The same moment a few huge shades appear just in front of me head up to me.

Manta rays Vurolevu
Incredible giants – the manta rays swim right past us a couple of times!

“Hoaahh” I blow into my snorkel and watch 6 huge manta rays pass just right next to me.

Reto is shortly after also there but he has missed them. We wait for another few minutes and again, 5 mantas pass us right there on the same spot. We feel that this is it and head back to our boat. All in all three more times three to four of the giants pass us, we are surprised again and again!!

Daku
She San in the bay behind Daku
Daku
our “private” beach

The following morning we sail with light winds to the southwest to the bay behind the village of Daku where have to deliver Senimili’s bag to her father.

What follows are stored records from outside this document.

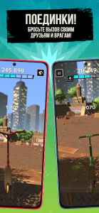 Touchgrind Scooter предлагает несколько захватывающих режимов. Отправьтесь в свободные заезды, чтобы оттачивать мастерство, или погрузитесь в соревновательный режим, играя против других участников. Турнирная составляющая игры делает каждую гонку настоящим сражением, где важно не только обойти остальных, но и выполнять трюки, оцениваемые зрителями. Чередование событий, от скоростных участков до зон с препятствиями, добавляет разнообразия и постоянно меняет ритм.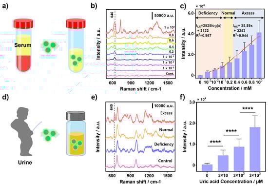 Actual samples for detecting UA include human blood and urine. Therefore, to validate the detection capability of UA within the body using the AF-SERS-substrate-based UA sensor, we designed experiments for UA detection in human serum and real urine samples (Figure 5). First, for UA detection in serum, human serum was diluted at a 1:10 ratio (Figure 5a). Subsequently, UA was mixed into the diluted serum at various concentrations to prepare the samples. Samples were prepared from 1 mM to 1 μM, including a concentration of 200–500 µM, which corresponds to the normal range of UA in human serum. As shown in Figure 5b, the Raman signal at 640 cm−1 changes significantly as the concentration of UA changes. Specifically, the Raman intensity results by concentration at 640 cm−1 and specific Raman peak of UA are shown in Figure 5c. A log-linear increase is observed at low concentrations (1–100 μM), corresponding to conditions in which UA deficiency is anticipated. In contrast, a linear increase is observed at high concentrations (200 μM–1 mM), which are high-risk UA concentrations. The log-linear equation for low concentrations was calculated as ILC = 2825 × log(X) + 3132 (R2 = 0.967), and the linear equation for high concentrations was calculated as IHC = 35.59X + 3253 (R2 = 0.9644). Specifically, X denotes the concentration of UA (mM) in serum. The LOD of UA in serum was determined to be 1.05 μM using the LOD formula. The results indicate a decrease in sensitivity compared to the laboratory environment because various proteins in the serum act as interfering factors. However, despite this, the AF-SERS substrate exhibited detection performance, which far exceeded the normal range.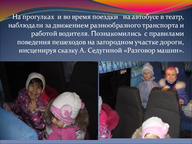 наблюдали за движением разнообразного транспорта и работой водителя. Познакомились с правилами поведения пешеходов на загородном участке дороги, инсценируя сказку А. Седугиной «Разговор машин».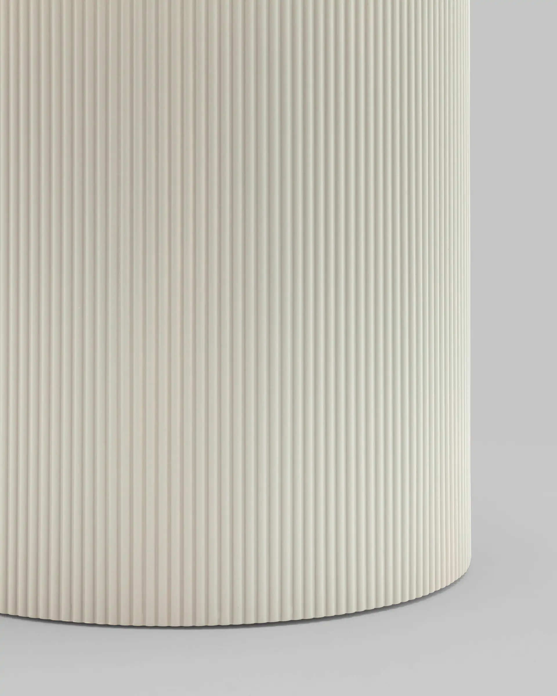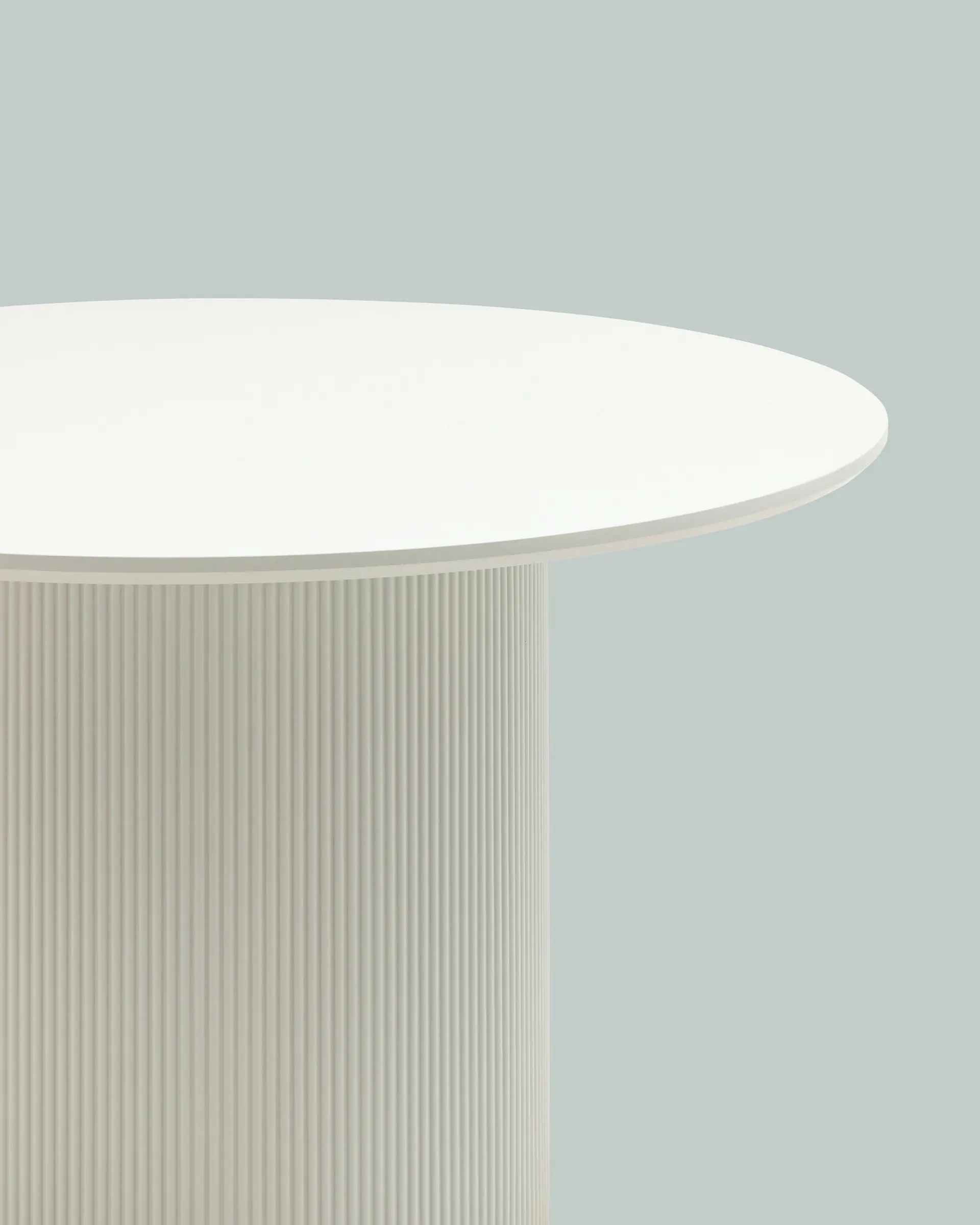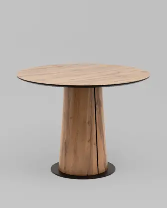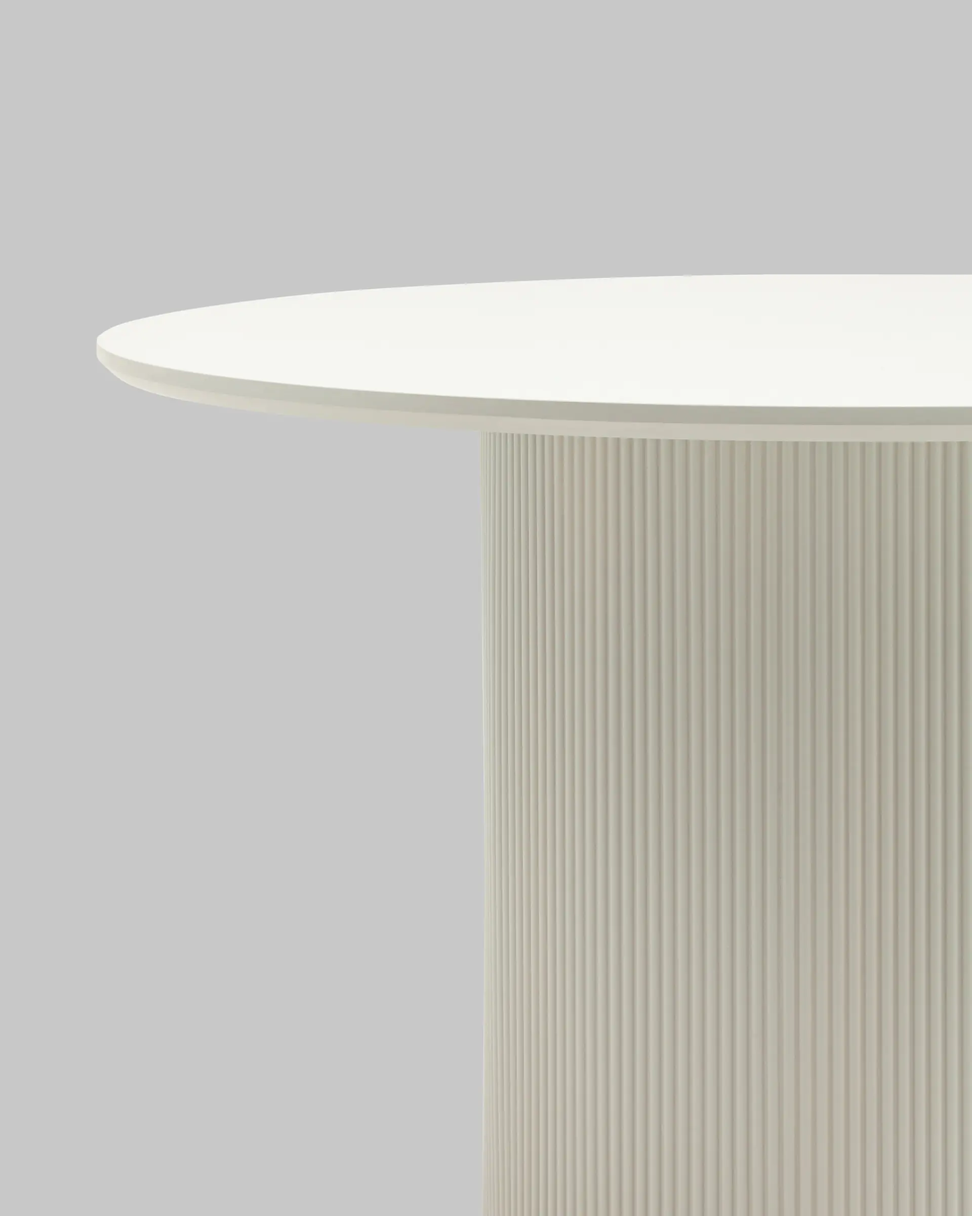 Столешница выполнена из прочного и долговечного МДФ. Светлая поверхность столешницы гармонично сочетается с массивной основой серого цвета. Простая круглая форма стола позволит легко вписать его в современный интерьер, стол украсит кухню, гостиную или современное кафе, ресторан. Опорное плиссированное основание стола в лаконичном дизайне надёжно удерживает всю конструкцию и дополняет монолитный образ.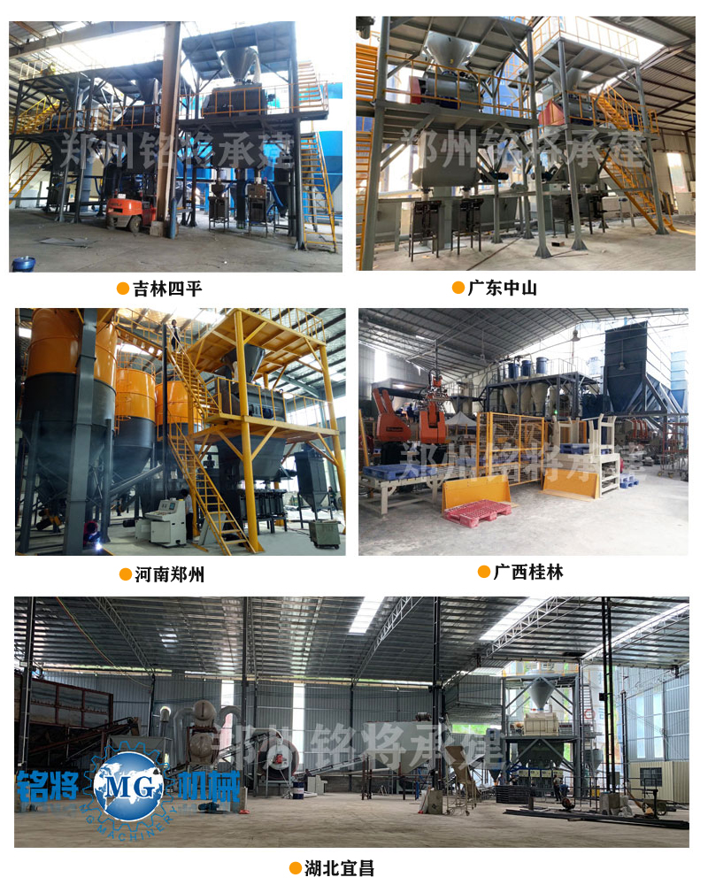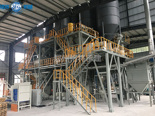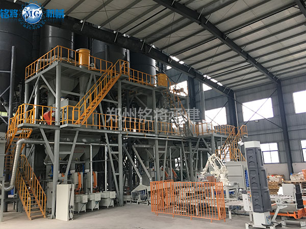 該生產(chǎn)線可在傳統(tǒng)常規(guī)配置的基礎(chǔ)上增加添加劑自動配料系統(tǒng),玻珠及添加劑氣力輸送系統(tǒng),以及成品砂漿自動包裝輸送碼垛系統(tǒng)。

“Clever” we think, “to be sailing on a Sunday morning so we unfortunately cannot go to church ;-)”

After lunch we wait for my cake to be ready, then head into the village for Sevusevu.
Epi junior and his wive Wati welcome us with a “Welcome home” and it feels as if we’d known them forever.

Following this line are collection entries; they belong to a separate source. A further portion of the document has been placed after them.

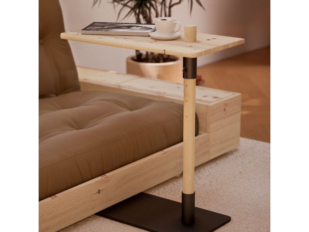 Dřevěný odkládací stolek Sticks od značky Karup Design v sobě spojuje jednoduchost a klasický design. Pevná základna odkládacího stolku zajišťuje vynikající stabilitu, zatímco lehká konstrukce umožňuje stolek snadno přemisťovat. Stolní deska má rozměry 55 x 30 cm a nabízí mnoho využití – perfektně poslouží jako noční stolek v ložnici nebo u pohovky jako místo na odkládání kávy či knihy. S pěti nastavitelnými výškami se stolek Adjust snadno přizpůsobí vašim potřebám a zapadne do každého prostoru. Odkládací stolek je vyroben z borovice s certifikací FSC a práškově lakované oceli. Design vytvořila renomovaná dánská architektonická kancelář C.F. Møller Architects.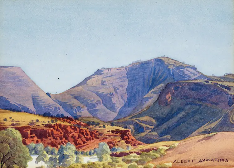 Lot 2, Albert Namatjira, Mount Hermannsburg and Finke River, watercolour, 26 x 36.5 cm. Est. $30,000-40,000. Mountain Magic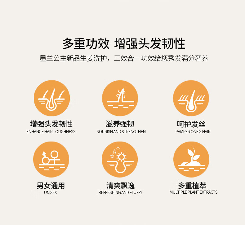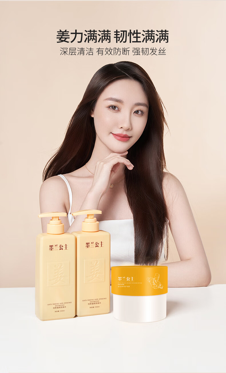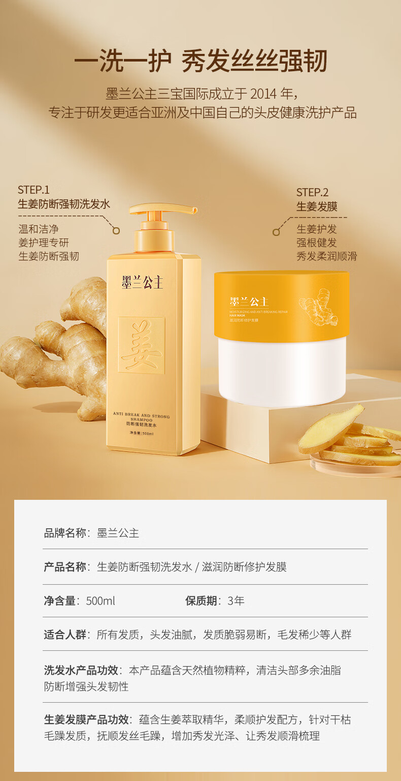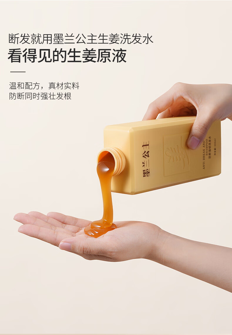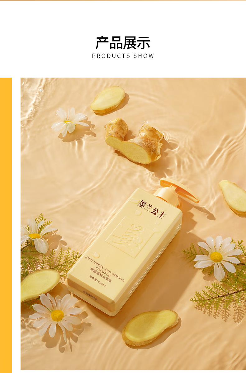墨兰公主生姜洗发水防断强韧发丝浓密发丝温和清洁草本清爽老姜王 洗发水1瓶 500ml*1瓶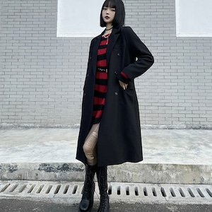 キッチリ感のあるノッチドラペルのロング丈、さらっと羽織ってストリート系カジュアルなラフ感もおしゃれなスタイルに仕上がります。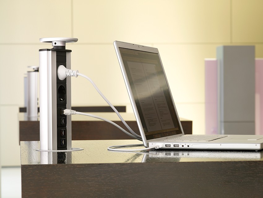 Стандартная ситуация: над столом имеется пара розеток и пользователь при необходимости увешивает их тройниками или удлинителями. Тогда о дизайне вообще не приходится говорить. Более правильное решение — подключить к этим розеткам встраиваемые розеточные блоки.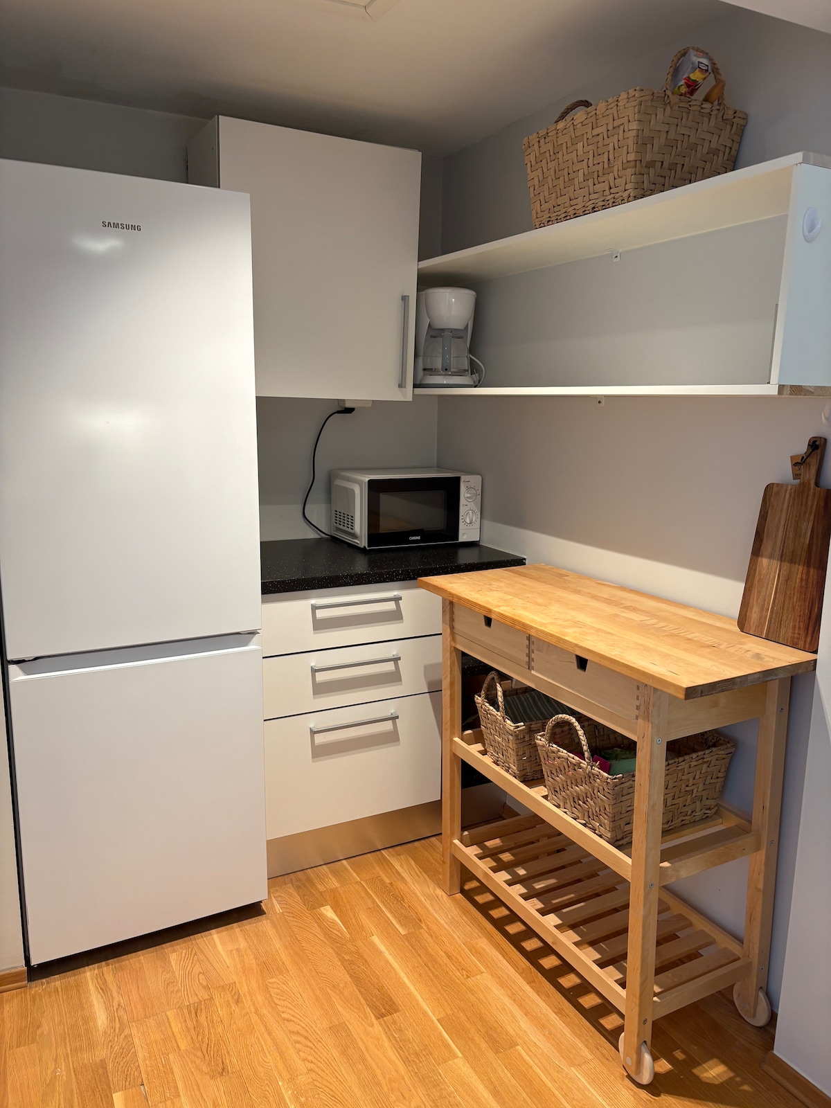 A small and cottage in Norway's best cottage area and cross-country ski resort, Sjusjøen. The cottage contains a hallway/kitchen, 1 bedroom, bathroom, living room and terrace. In the living room, the sofa can be folded into a double bed. The kitchen is fully equipped with induction hob and combi oven. There is no inlet water, but it is well-suited for those who want to take a little shower after a ski trip. In the bathroom there is also an infrared sauna that is quick to warm up.

After a cup of tea Epi asks us “Do you want to join us in the afternoon church service?” Of course Reto says yes, so shortly after we sit in the church in Daku ;-))))

Church Daku
We are just in time for the afternoon service in Daku…
Daku
…shortly after church a cow from the neigboring village runs through Daku in panic

Afterwards Epi Junior mixes the Kava while Epi Senior does our Sevusevu. Unfortunately we cannot stay for more than two cups of Kava, we need to return over the reef before it gets too dark to see.

Sevusevu Daku
Epi Junior prepares the Kava, first serves us and at the end also himself
Daku
Rainbow behind our bay
Daku
and another beautiful sunset
 
Children Daku
The girls always great us enthusiastically
Epi and Kata Daku
Having tea with Epi and Kata – my sourdough bread is much appreciated although the little one says ” it looks like a stone”
Banyan Daku
According to Epi one of the largest Banyan trees in Fiji

The next few days we visit the village a few times and every time we come close the children run up to us, call our names and hold our hands on the way to the house.

Then we have a chat with Epi his wife Kata or Wati or play with the children. We really enjoy talking to Epi Senior and learn about his views on things.

 
Vunisei
the Primary School of Vunisei
Vunisei
during our hike we see pine forests like back home in Europe

A freshly built road leads us over to the school in Vunisei and we continue another few kilometers on.

Per accident we find THE Digicel spot of the whole area and manage to get weather, mail and whatsapps.

Then the wind turns once again back to southeast, so we do another night turn over to Malolo Lailai in the west of Viti Levu.

Just as we arrive there a fleet of 20 boats sails out – oh yes, there is Regatta week…

Regatta week Musket Cove
“Just in time” we arrive for the regatta week in Musket Cove…
Regatta week Musket Cove
….we are really happy to meet up again with Rick from Foxy Lady..
Regatta week Musket Cove
…we are surprised about the amount of people present..
Regatta week Musket Cove
…and have fun watching the small catamaran racing.

We find the bay overcrowded and with 20 knots of wind from south also everything else than comfortable, so we go around the north side of the island where it is quite and we are the only boat.

Due to a cold we also not so much in party mood, so we only join for a few beers in the afternoon.

Here now finally there is a good Digicel data net. We enjoy it and gather the information to decide on how to move from here – the next cyclone season is approaching rapidly…

5 thoughts on “From Fulaga to Musket Cove – About Whales, Sharks, Mantas and a huge Mahi Mahi”

  1. I really enjoy reading about your adventures. Perhaps you can use your blogs to write a book.

  2. Hi Angela and Reto
    Great blog and photos. You are having such an amazing time. Lots of love Annie and Hugh xx

  3. Hi Angela and Reto
    Great blog and photos. You are having such an amazing time. Lots of love Annie and Hugh xx
    PS. Hugh asks why you go shark fishing but always throw them back?

    1. Well, didn‘t you learn that one: „sharks are friends not food?“ or something like that?